For more organizing activities and community-building, see events
NYU AI School, 2021-23
The event serves over 300 students annually and prioritizes those from underserved communities who lack institutional resources in artificial intelligence and machine learning. The lectures are augmented by carefully developed tutorials that lay emphasis on practical machine learning. We are generously funded by Genentech and DeepMind.
Knowledge Transfer: DJ Unicode
- Co-founder, 2017 - present, DJ Unicode
I am passionate about knowledge transfer actively working with a student-run organisation that I co-founded. Unicode was born of the need for skill development at the grassroots level in addition to the need for a rapport between college freshmen, sophomores, and juniors at universities that don’t offer such opportunities by means of the coourse structure. Our aim is to extend the ‘summer-of-code’ workflow to the rest of the year helping our students to build a strong foundational understanding of software development. I’m leading the expansion of our mentorship into teaching math and statistics for machine learning through comprehensive reading groups on standard texts in the subject.

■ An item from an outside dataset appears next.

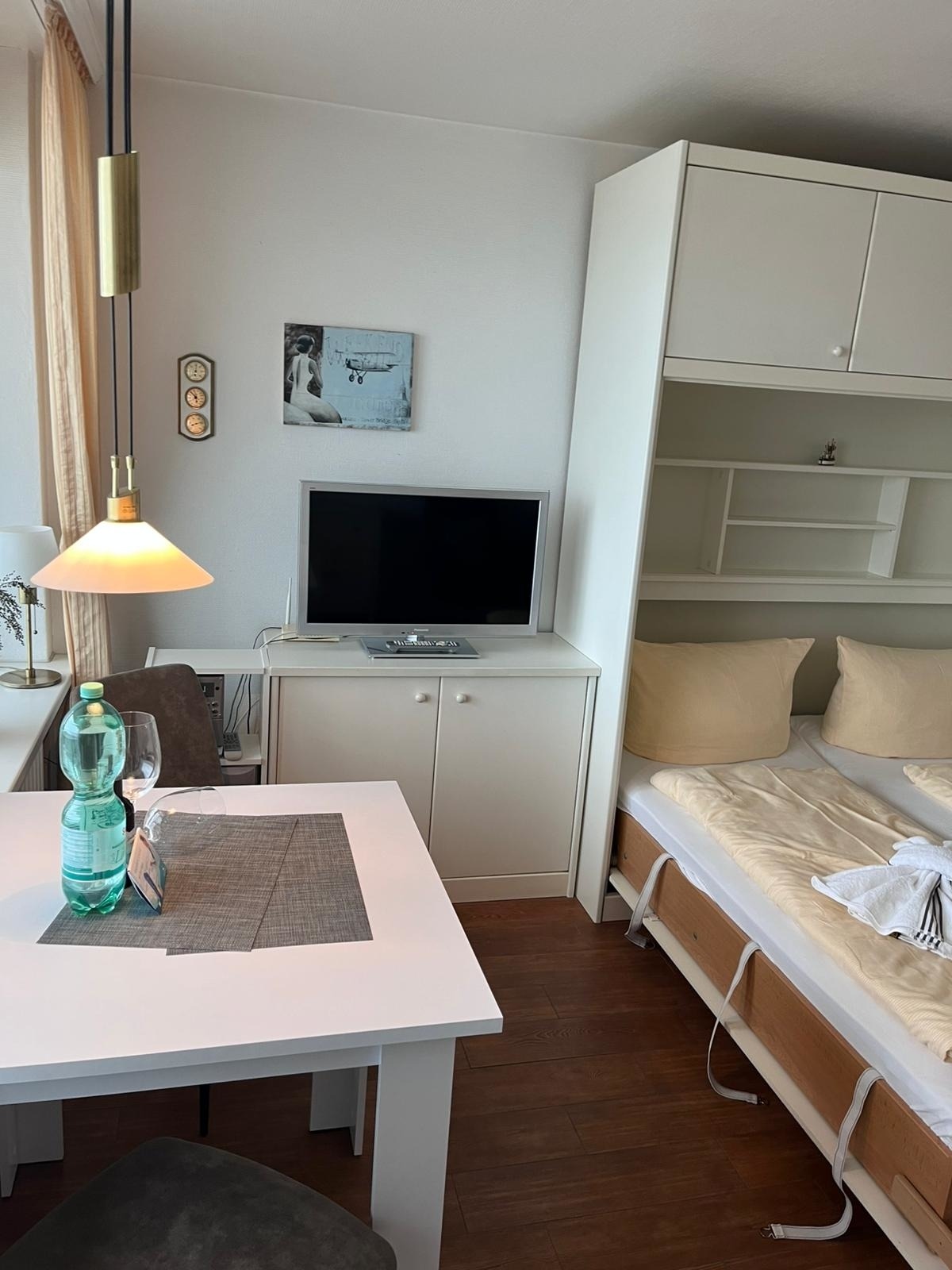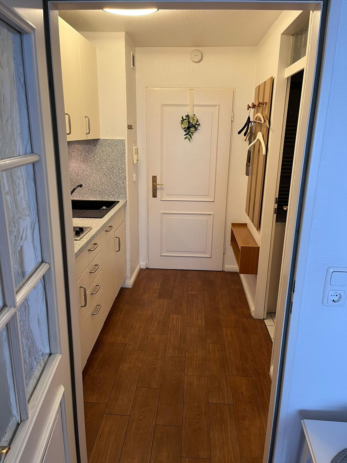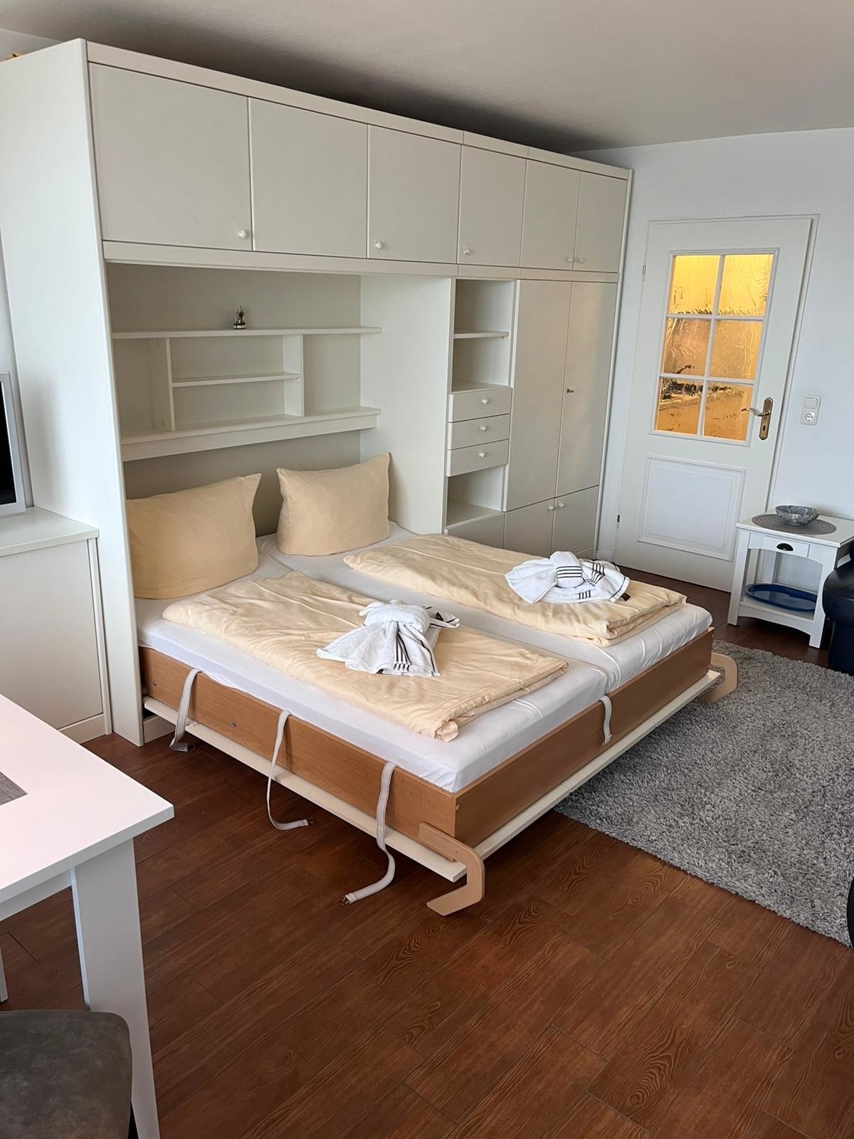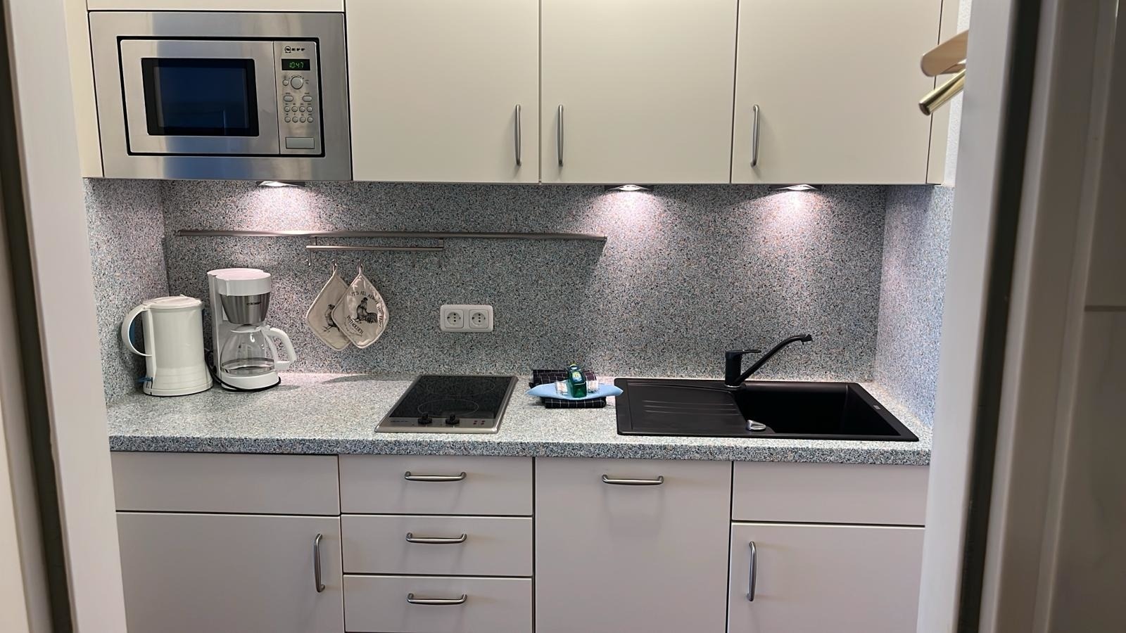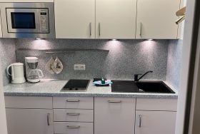 Vorflur mit moderner neuer Küchenzeile mit Geschirrspüler, modernes renoviertes helles Duschbad/WC, heller modern eingerichteter Wohn-/Schlafraum mit einem Doppelschrankbett, Sitzgarnitur, Essplatz am Fenster, Flachbildfernseher, CD-Player mit Radio, hauseigenes freies WLAN. Ein Balkon rundet dieses schöne, hell und freundlich eingerichtete ca. 34 qm große Appartement ab. KEIN Teppichboden. Ein Abstellplatz in der Tiefgarage kann hinzugemietet werden. Der Tiefgaragenplatz muss bestellt werden, ansonsten verfällt der Anspruch!

Unicode started in 2017 with 15-20 students separated into 5 teams based on their projects. Today, we are a thriving community of 200+ members, with teams winning hackathons, students receiving international internship offers, multiple selections for Google Summer of Code each year, and alumni at Ivy League universities and FAANG companies in the USA!
Founder, 2020 - Present, Unicode Research Group
I received a generous grant from Google Research India to teach a (independent) 10-week Unicode ML Summer Course in Summer 2021 to students from Tier II and Tier III universities in India. Much obliged to my TAs from Unicode Research for their hard work and commitment!
- We had a fantastic Demo Day showcasing student projects at the Unicode ML Summer Course!
I founded a research arm within Unicode, focused on doing collaborative research in statistics and machine learning, with particular emphasis on AI for social good. This includes extensions of projects by students in our ML Summer Course, and ideas by Unicode students and collaborators. I was joined by Dr. Akash Srivastava from the MIT-IBM AI Lab to help teach the students about deep generative models in a palatable fashion, introducing them to probabilistic machine learning.
Ongoing research projects at Unicode Research include estimating the causal effect of mentorship on student career outcomes, social network analysis using probabilistic machine learning, and other topics in deep generative modeling.